There are some concessions made to having flexible sideboard cards so that
you can be prepared for a wide variety of matchups, but those concessions
are only made to the minimum amount necessary to have cohesive sideboard
plans and not a single card more because the ideal is to have the highest
potential cards possible in games 2 and 3.

Opportunity Cost

The last of my three metrics, opportunity cost, is the trickiest to define.
Essentially, it’s the level of constraint playing a certain card puts on
how you build the rest of your deck. A card like Anointed Procession is
powerful, but only in a very specific shell.

Modern is filled with cards that have high opportunity cost because the
format is large enough to be able to satisfy their high deckbuilding
constraints and unlock their full potential. Ancient Stirrings needs to be
in a deck with nearly all colorless cards but finds multiple homes in
Modern, to the point where there has been talk of banning the card. Same
for Mox Opal, Hollow One, and Restore Balance. Cards with a high
opportunity cost are often of the high ceiling variety since they depend on
the cards around them, but not always, as seen in the above example of
Ancient Stirrings.

Obviously the more restrictive a card’s mana cost the higher its
opportunity cost and vice versa, which is a major reason why Smuggler’s
Copter was so oppressive. Having that high a rate appear on a card that
could be played in any aggressive deck meant that it did see play in every
aggressive deck, irreparably damaging the diversity of aggressive decks in

The central question to answer when thinking about the opportunity cost of
a card is “Is the payoff for my effort worthwhile?” If you’re going to jump
through some hoops to make a certain card work, then the result better be
significantly more powerful than what the rest of the format offers. A deck
like Merfolk in Modern compares unfavorably to Humans on that metric, since
it’s about as fast but with significantly less disruption, so unless
Spreading Seas is incredibly well-positioned I don’t see the point of
playing Merfolk.

The cards with the lowest opportunity cost are those that are good nearly
all the time, like cheap cantrips and those that reward you for simply
playing a normal game of Magic, like Tarmogoyf.

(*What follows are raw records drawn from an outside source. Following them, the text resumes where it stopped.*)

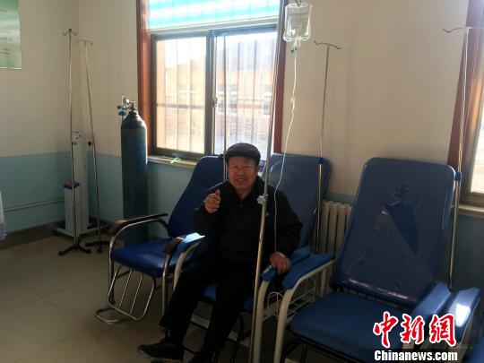 图为75岁的村民张尚中在中心村卫生室输液。谈到现在就医的便利,他竖起大拇指。 李英 摄
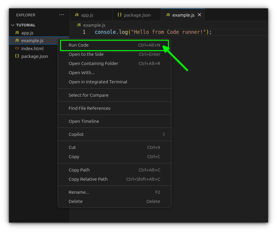 .jsfile, write some code, right-click, and select “Run Code.”
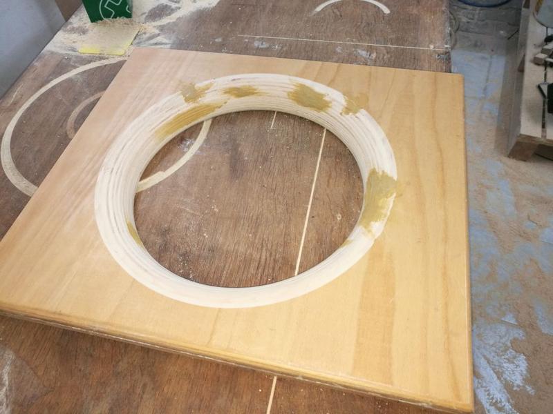 Weil ich noch ein überarbeitetes WS 40 NG übrig habe und auch noch von meinen alten SUB T40 ( Damals Rundum 40mm Buche Multiplex ) das Holz.... kam mir die Idee ...ich mach mir ein kleines 70-75 l Gehäuse um die Aria nach untenhin zu unterstützen....
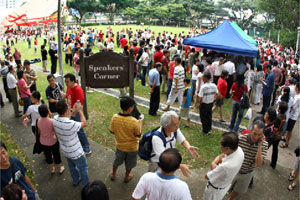 中新網(wǎng)5月11日電 據(jù)新加坡《聯(lián)合早報(bào)》報(bào)道,5月9日,數(shù)千名新加坡公眾在慶祝母親節(jié)之際,采取行動對母語表達(dá)了一份深切關(guān)懷。他們在舉家外出用餐時,首先前往芳林公園演說者角落,以簽名方式表達(dá)了對母語的一份熱愛。前后兩個小時的活動,收集了至少2400個簽名。

When Tarmogoyf was first printed you would often see players add Chromatic
Star or Evolving Wilds to their deck to pump it, but it quickly became
evident that those cards were unnecessary. Plenty of types hit the
graveyard organically so there’s no need to help it along at the cost of
playing weaker cards.

I don’t think any of these concepts are new to most experienced players,
but I often see them rely on one over the others in justifying adding or
removing a certain card without thinking about how they interact with each
other. You need to use all three in concert and within the context of your
deck to make an informed decision.

Consider the various options for graveyard hate in Modern. It’s a more
complicated process than picking the most powerful option in your colors.
Jund wants a high floor card that accrues value so it utilizes Nihil
Spellbomb most often.

Snapcaster Mage decks often go for Surgical Extraction because its ceiling
is higher there than elsewhere, which changes how you rate it relative to
the other options.

Then there’s Dredge, a deck that draws very few cards after its opening
hand, so playing Leyline of the Void makes sense since the floor of the
card, drawing it after your opening hand, is highly unlikely to occur while
the ceiling is incredibly high.

So as with everything in Magic, context is critical. This is a heuristic
meant as a guide, not a strict set of rules to be slavishly followed. But I
find having a systematic process for making complicated decisions helps
immensely in wading through the many variables and distilling the problem
to its core elements.

Magic is amazingly daunting in its complexity, so any way you have that can
reasonably simplify it will be helpful.